Книга третья вся в целом отражает мотивы «Одиссеи» Гомера, и нельзя не признать, что греческий песнетворец одарил своего подражателя с большой поэтической щедростью.

Книга четвертая возвращает нас к теме любви Дидоны, заявленной в экспозиции. Для описания страсти Дидоны у Вергилия оказались в избытке и сила воображения, и психологическая наблюдательность. Вергилий возвел свою африканскую царицу в ранг мировых образов женщин, охваченных пламенем любви, ее героинь и жертв, — таких, как Медея или Федра у отца психологической любовной драмы Еврипида. Книга четвертая считается по праву шедевром Вергилия, она была излюбленной книгой и крупнейшего по поэтическим возможностям, но неудачливого переводчика «Энеиды» — Валерия Брюсова.

Возможно, что Вергилий ставил себе сознательно задачу дать читателю отдых после эмоционального возбуждения, которого не могла не вызвать трагическая книга о любви и смерти Дидоны. Но в нас, читателях нового времени, книга пятая «Энеиды» рождает некоторое недоумение, как, вероятно, бывало у иных современников Вергилия, — в его окружении, по свидетельству древних, уже достаточно было «ядовитых критиков».

Старец Анхиз, не выдержав странствий по морю, скончался. Смерть Анхиза была, конечно, большим горем для любящего сына, но событием только его личной жизни и никакого отношения к главной теме поэмы, основанию Рима, не имеет. Более того, о смерти Анхиза сказано еще в книге третьей, однако там нет развития этой темы. Эней, радуясь тому, что стихии привели его вторично на то прибрежье, где скончался и был погребен старец, приказывает справить у его холма «веселую почесть». Царь Сицилии Акест идет навстречу его желанию и устраивает пышные поминальные игры. Соревнования на кораблях, конские ристания, гимнастические упражнения — все это изображено Вергилием с мастерством и даже воодушевлением. Но и это тем более не имеет отношения к «сквозному» действию эпопеи. Спортивные состязания занимают четыреста тридцать три стиха, иначе говоря, почти половину громадной пятой книги.

Переходная книга шестая с полным основанием считается, наряду с четвертой, одной из вершин эпопеи. Ее содержание исполнено таинственности. Мысли о будущем человечества, выраженные в эклоге IV «Буколик», сочетались у поэта с жаждой проникнуть воображением в бездну загробного мира, туда, где обитель умерших. Сошествием Орфея в Тартар завершается последняя книга «Георгик», сошествие Энея занимает всю шестую книгу «Энеиды». Готовые не обращать внимания на дробность эпизодов киши шестой, мы не можем не испытывать душевого трепета, следя за тем, как Эней, сопровождаемый Кумской сивиллой, совершает свое странствие по загробному царству. Сивилла научает Энея, как достать «золотую ветвь», открывающую доступ к недоступному, ту «золотую ветвь», которая, отомкнув ему врата подземного обиталища теней, осталась в последующих веках знаком мистического посвящения. В царстве мертвых происходят встречи живого Энея с умершими; ради одной из них он и стремился сойти в Аид: в сонме теней он находит любимого отца.

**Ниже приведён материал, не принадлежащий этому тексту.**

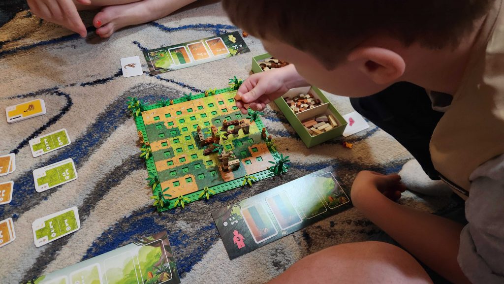Being Lego there's very little risk of anything falling over and besides that's not the point of the game anyways, regardless of how much this may resemble Rhino Hero. Instead, the game ends when the bricks run out, at which banana points are tallied and the player with the most points is the winner. There are some Catan-like scoring bonuses you can snag, and planning your final turn around when the bricks will run out is key to finishing strong. There are different boards you can start with that change up the strategy and early builds a bit if you want some variety later on.

Но прежде чем Эней мог насладиться отрадой свидания с ним, происходит другая, для читателя неожиданная, но художественно и морально необходимая встреча: к Энею подходит тень, чей облик ему слишком знаком, — это когда-то любимая им женщина, та самая царица Дидона, что была им покинута и в отчаянье наложила на себя руки. Эней тронут, клянется, что всему виною воля богов, что он не мог предположить, каким для нее горем будет его отплытие, — обычные слова мягкосердечных изменников, — оскорбленная тень скрывается в лес, где ее ожидает верный законный супруг. Так Вергилий не пожелал снять с души своего героя вину вероломства.

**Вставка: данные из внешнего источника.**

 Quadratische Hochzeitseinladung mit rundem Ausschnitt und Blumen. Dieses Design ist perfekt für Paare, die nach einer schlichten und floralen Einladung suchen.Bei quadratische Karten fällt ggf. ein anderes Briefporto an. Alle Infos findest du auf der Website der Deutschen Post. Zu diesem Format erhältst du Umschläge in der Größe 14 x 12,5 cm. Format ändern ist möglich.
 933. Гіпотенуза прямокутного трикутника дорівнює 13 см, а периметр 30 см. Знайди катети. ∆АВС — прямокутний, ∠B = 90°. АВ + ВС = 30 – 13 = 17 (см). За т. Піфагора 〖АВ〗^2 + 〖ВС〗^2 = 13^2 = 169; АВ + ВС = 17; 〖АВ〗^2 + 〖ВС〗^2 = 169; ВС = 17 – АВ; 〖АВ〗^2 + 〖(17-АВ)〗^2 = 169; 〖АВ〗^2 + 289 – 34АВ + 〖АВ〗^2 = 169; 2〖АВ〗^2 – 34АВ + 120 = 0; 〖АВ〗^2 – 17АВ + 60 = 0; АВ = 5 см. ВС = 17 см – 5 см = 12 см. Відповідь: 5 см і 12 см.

Эней встретил Анхиза в момент, когда старец обозревал сонм своих будущих потомков. На вопрос Энея о судьбе этих неприкаянных теней Анхиз отвечает изложением доктрины, восходящей к Пифагору, — учения о метампсихозе, то есть переселении души. Чистота доктрины снижается в устах Анхиза обнаженной политической тенденцией, перечислением представителей будущего «дома Юлиев», и завершается прямым восхвалением Августа. Встреча Энея с Анхизом заканчивается в буколической обстановке наивной конкретности, в уединенной роще, среди шумящего тихо кустарника. Сыновняя и отцовская любовь явлены поэтом с величайшей теплотой — это просвет, позволяющий заглянуть в нежную душу Вергилия. Описание в книге шестой подземного царства принадлежит к лучшим страницам мировой поэзии. Разве лишь Данте мог так сочетать земные детали с образами загробного мира, плотское с бесплотным.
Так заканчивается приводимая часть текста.